# How to paint/highlight dials?



## pelallito (Oct 27, 2011)

Hello,
Somewhere in one of the machinig forums, there was an article/posting on how to paint/highlight the markings on the dials of a machine. In this case, I want to make the markings on my Palmgren X/Y table easier to read.
Can someone help me find it?
They are getting harder to see! 
Thanks,
Fred


----------



## dalem9 (Oct 27, 2011)

Clean your dial well. paint were the number are then after it dries sand paint off ,the paint will stay in the markings .Hope this helps Dale


----------



## pelallito (Oct 28, 2011)

Dale,
Thanks for the reply! 
I have been trying that without any luck. 
I have used two or three different paints, but when I try to sand off
The dial, the paint also goes. 
After I posted the question, I found a thread where somebody used a Markal paint stick and it worked for him. I am going to buy one from Fastenal and try it. 
If it works for or not, I will post that!
Thanks again,
Fred


----------



## GailInNM (Oct 28, 2011)

Fred,
Here are links to two threads that I did using Lacquer-Stik which is made for filling engravings.
http://www.homemodelenginemachinist.com/index.php?topic=3362.0
http://www.homemodelenginemachinist.com/index.php?topic=3686.0
Gail in NM


----------



## Stan (Oct 28, 2011)

I had little success with the 'paint and sand' method but the engraving company who did work for me did it all the time. I attributed their success to the shape and depth of the groove their engraving machine made rather than a simple V groove that I was making.


----------



## MachineTom (Oct 28, 2011)

Yes the Markal Paint stick is the charm. clean the dials several times to remove all grease/oils etc. If doing a unpainted dial smear the stick over all the grads several times, wait 24 hours and carefully rub the surfaces. do not used fluffy rags they will remove everything, paper towels to start, when just a fine film remains use sheet paper to remove the last bits. another 24 hours and its ready to use. Painted surface the same but make sure the paint is really dry as it will peel otherwise.

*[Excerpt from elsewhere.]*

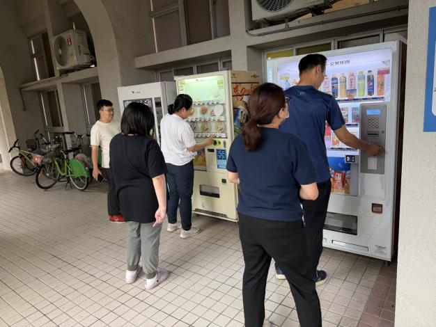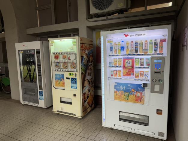 經本處持續積極洽商與溝通,最終由統一速邁自販股份有限公司同意設置,並於致遠樓一樓規劃設置3台自動販賣機,分別提供飲料、休閒食品及泡麵等多元商品,並由業者定期巡檢與補貨,確保服務品質。
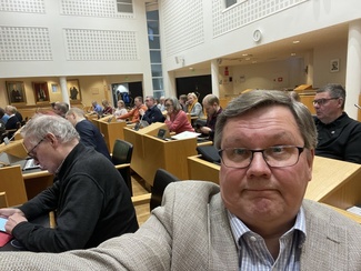 ![]() Puoluerajat ylittävä yhteistyö on kuntapolitiikassa välttämätöntä. Kuvassa Pekan kanssa Tiina Kaarinen (sd.) ja Harri Auvinen (vihr.), jotka ovat tulleet vuosien varrella Pekalle hyviksi yhteistyökumppaneiksi niin kaupunginvaltuustossa kuin kaupunginhallituksessakin. | ![]() Pekka edusti kokoomusta Särkiniemen koululla 27.3. pidetyssä vaalipaneelissa. Koulu on sama, josta Pekka lähti "maailmalle" 50 vuotta sitten. Kaikki panelistit olivat yhtä mieltä siitä, että alueen lapset ansaitsisivat jo uuden koulun. |

I've also done white on black paint with white out, but a clear coat is need to keep the white from collecting dirt, my mill is done this way. This dial is 40 years old so the dings and scratches show up, not important to me as its the graduations that could. The paint was done in 2005.


----------



## pelallito (Oct 28, 2011)

That is an awesome paint job. I will try to do something as nice. 
I have been cleaning the dial with acetone and a wire brush. 
I will follow all suggestions. 
Thanks to all for the advice and help.
Fred
PS The micro tool website was new to me. Thanks for the tip! I am trying to find the lacquer stik locally, but so far without luck. I might have to order from them. The only problem that I will have, they have so many other cool things that I want!
Thanks again.


----------



## Swede (Nov 23, 2011)

I'm late to this parade, but I also had trouble painting engraving on some dials I made for my tool grinder machine. In the end, I found the best method was to use enamel paint, like testors, brushed into the grooves. The tricky part - a few minutes later, after the paint has stiffened a bit but is not totally dry (experiment a bit) - take a paper towel lightly wetted with denatured alcohol. The alcohol is a partial solvent... between water and acetone. This removes the tall paint but leaves the paint behind in the grooves. The good part with any of this is that if it gets messed up, you simply hit the dial with acetone and start over. No need for abrasives. You get unlimited attempts at it.


----------



## dwentz (Nov 23, 2011)

The key is not to use a water base or latex based paint. Good enamel works, as does rustolium. 

Dale


----------



## pelallito (Nov 27, 2011)

Swede and Dentz,
Thanks for the posts and advice.
I still have not bought the Laquer Stik, but I have plenty of paint on hand.
I will give that a try.
Thanks again.
Fred


----------



## Chazz (Dec 14, 2011)

Whilst SWMBO is not looking I took her VERY bright red nail polish, dabbed it on and used nail polish remover on paper towel, works great!

Cheers,
Chazz


----------



## pelallito (Dec 17, 2011)

Chazz,
I will have to try that! 
So far, I have not done anything that worked on the dial that is my experiment. It is on an Atlas milling machine vise that can be swiveled around. It has very shallow marks. I figure that if I can make it work on that, everything else will be easier. : :big:
Thanks,
Fred


----------



## gmac (Dec 17, 2011)

Swede;
Where did you find the magnifier for the dials? My eyes worsen with age !!!
Cheers
Garry


----------



## Swede (Dec 20, 2011)

gmac  said:
			
		

> Swede;
> Where did you find the magnifier for the dials? My eyes worsen with age !!!
> Cheers
> Garry



Haha! I cannibalized it from one of those Universal bevel Protractors, one of these things:






I use the grinder more than I use the protractor. Maybe the company that makes the protractor will sell the magnifier as a spare part - tell them yours broke, or something. The good part is that it comes mounted in a little bracket, ready to be screwed onto a project.


----------